> [Supplied data]:
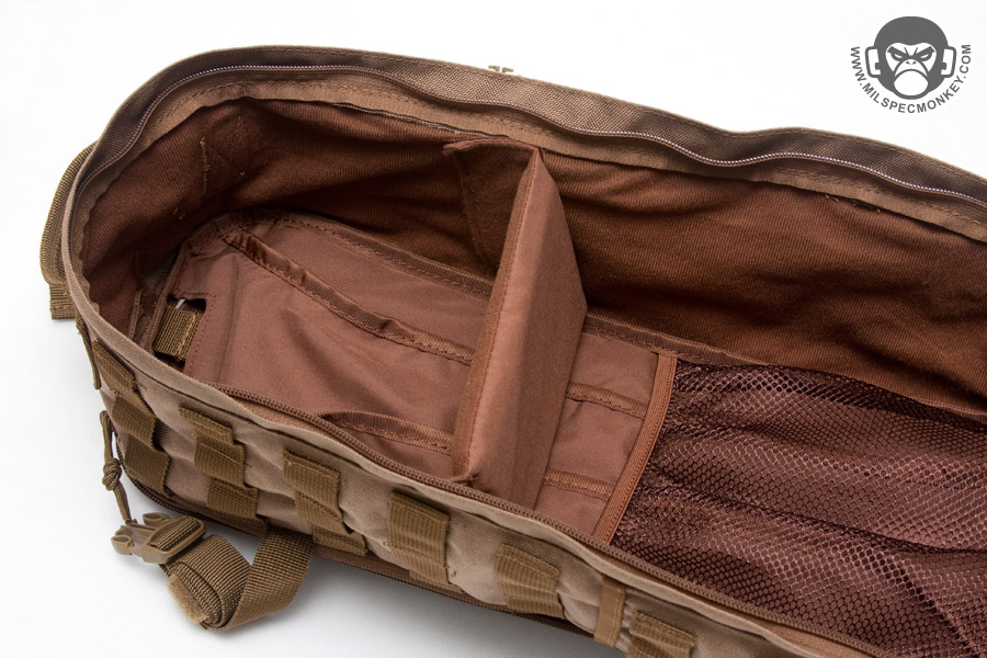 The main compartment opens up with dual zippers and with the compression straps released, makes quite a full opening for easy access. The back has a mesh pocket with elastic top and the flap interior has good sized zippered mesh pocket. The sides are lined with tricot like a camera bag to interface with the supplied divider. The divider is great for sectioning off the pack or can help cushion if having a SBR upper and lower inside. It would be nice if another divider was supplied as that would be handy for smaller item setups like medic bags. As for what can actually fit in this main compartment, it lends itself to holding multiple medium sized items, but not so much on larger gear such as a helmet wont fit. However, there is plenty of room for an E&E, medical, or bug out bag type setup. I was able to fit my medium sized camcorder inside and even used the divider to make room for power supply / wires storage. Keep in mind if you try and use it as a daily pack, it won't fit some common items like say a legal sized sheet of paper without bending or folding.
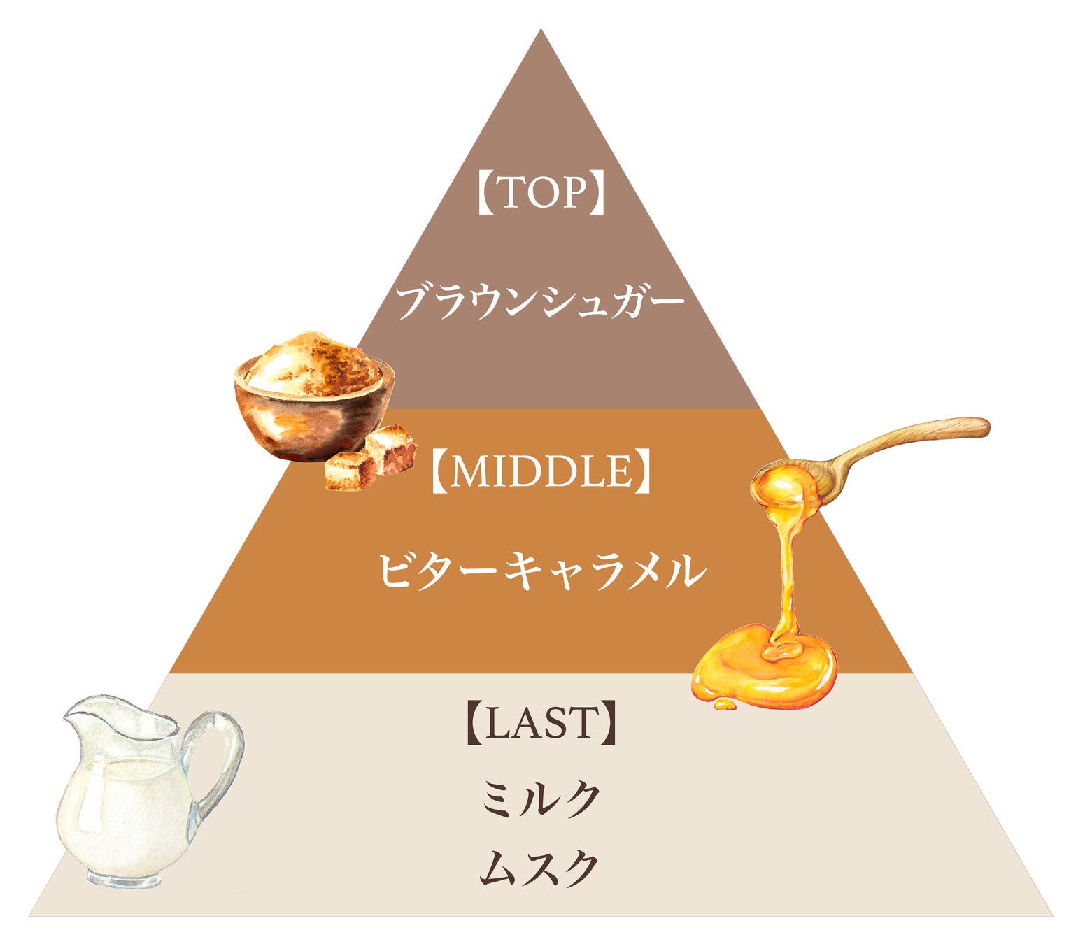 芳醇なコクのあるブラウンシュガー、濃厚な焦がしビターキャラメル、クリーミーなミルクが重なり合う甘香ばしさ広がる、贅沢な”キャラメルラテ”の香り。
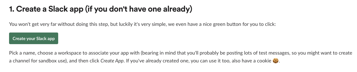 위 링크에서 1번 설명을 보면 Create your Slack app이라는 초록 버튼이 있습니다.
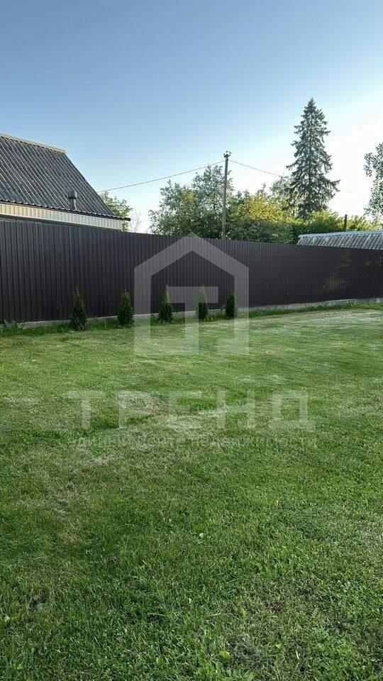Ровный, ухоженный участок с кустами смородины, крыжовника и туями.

> [Problem requirements]:
Reproduce the lines of the listing exactly, starting at the one that contains "위 링크에서 1번 설명을" and continuing through the final line, but leave out the pictures.

> [Result below]:
 위 링크에서 1번 설명을 보면 Create your Slack app이라는 초록 버튼이 있습니다.
Ровный, ухоженный участок с кустами смородины, крыжовника и туями.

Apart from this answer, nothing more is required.